# March Photo Contest - Voting Poll



## 1stGold13 (Dec 1, 2013)

Voting is open, choose your favorite(s) Multiple Choice....if you can't decide, vote for them all


----------



## CAROLINA MOM (May 12, 2009)

Time to cast your Votes for the March Photo Contest, Great entries.


----------



## 1stGold13 (Dec 1, 2013)

11 votes so far, have you chosen your favorites?


----------



## Rob's GRs (Feb 25, 2007)

20 votes so far, keep them coming....


----------



## Karen519 (Aug 21, 2006)

*Voted*

I voted!! :wavey::wavey:

Great entries, everyone!!


----------



## Panama Rob (Nov 26, 2015)

Is this like the Republican thing where if one candidate doesn't win by a certain margin that the moderators choose the winner?


----------



## 1stGold13 (Dec 1, 2013)

38 votes so far. Choose you favorite yet? Multiple choice


----------



## CAROLINA MOM (May 12, 2009)

Time to cast your vote-
Look through the entries and make your selections, it's multiple choice, you can vote for as many as you like.

Last day to vote is Friday, April 1st.


----------



## CAROLINA MOM (May 12, 2009)

Time to cast your vote(s) in the March Photo Contest, 40 votes in so far. 

If you haven't voted, look through the entries and make your selections-you can choose as many as you want.

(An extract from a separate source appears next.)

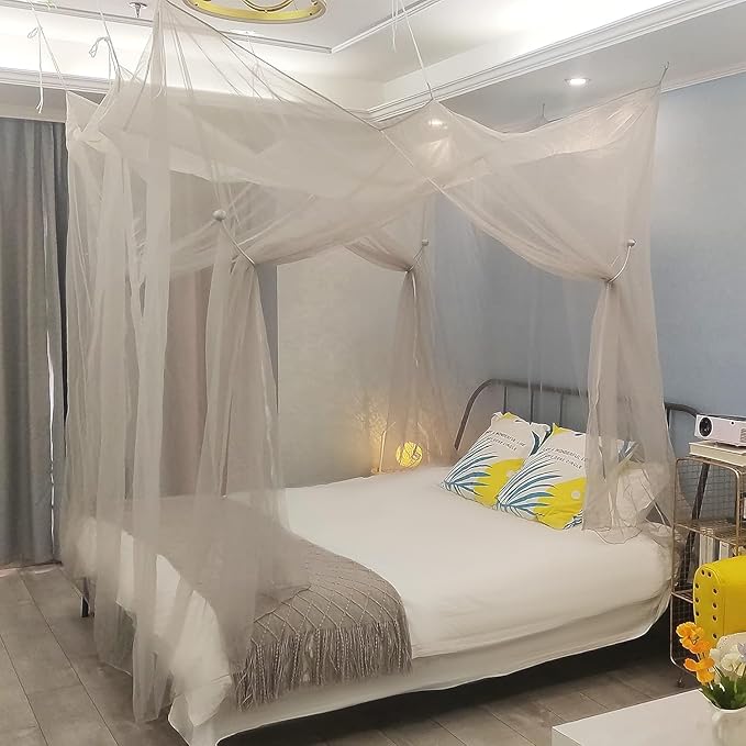 No-See-Um mesh Square Mosquito Net for King Size Bed 2 Openings Netting Mosquito Net for Beds, Finest Holes Mesh 2000 Mosquito Netting for Bed (Square King Grey Color)

Voting ends Friday, April 1st.


----------



## 1stGold13 (Dec 1, 2013)

41 votes and a close race, your vote could decide the winner. Choose your favorites.


----------



## CAROLINA MOM (May 12, 2009)

44 votes in so far, you have until Friday-April 1st to make your selections. 

It's multiple choice, you can vote for as many entries as you want.


----------



## 1stGold13 (Dec 1, 2013)

45 votes cast, can we get to 50 today?


----------



## Rob's GRs (Feb 25, 2007)

Let's see if we can get at least 3 more votes to push us up to the 50 vote mark.


----------



## Rob's GRs (Feb 25, 2007)

We currently have a tie for 1st place, however it still could be anyone's win in the end depending on how many more votes we get by April 1st.


----------



## CAROLINA MOM (May 12, 2009)

There's still a tie for first place in the March Photo Contest. 

If you haven't voted yet, look through the entries and make your selections. 
It's multiple choice, you can vote for as many pictures as you want. 

*Last day to vote is Friday-April 1st.*


----------



## 1stGold13 (Dec 1, 2013)

54 votes! Let's push for 60 today! Choose your favorite soon, voting closes tomorrow.


----------



## CAROLINA MOM (May 12, 2009)

56 Votes in, today and tomorrow are the last two days to vote. 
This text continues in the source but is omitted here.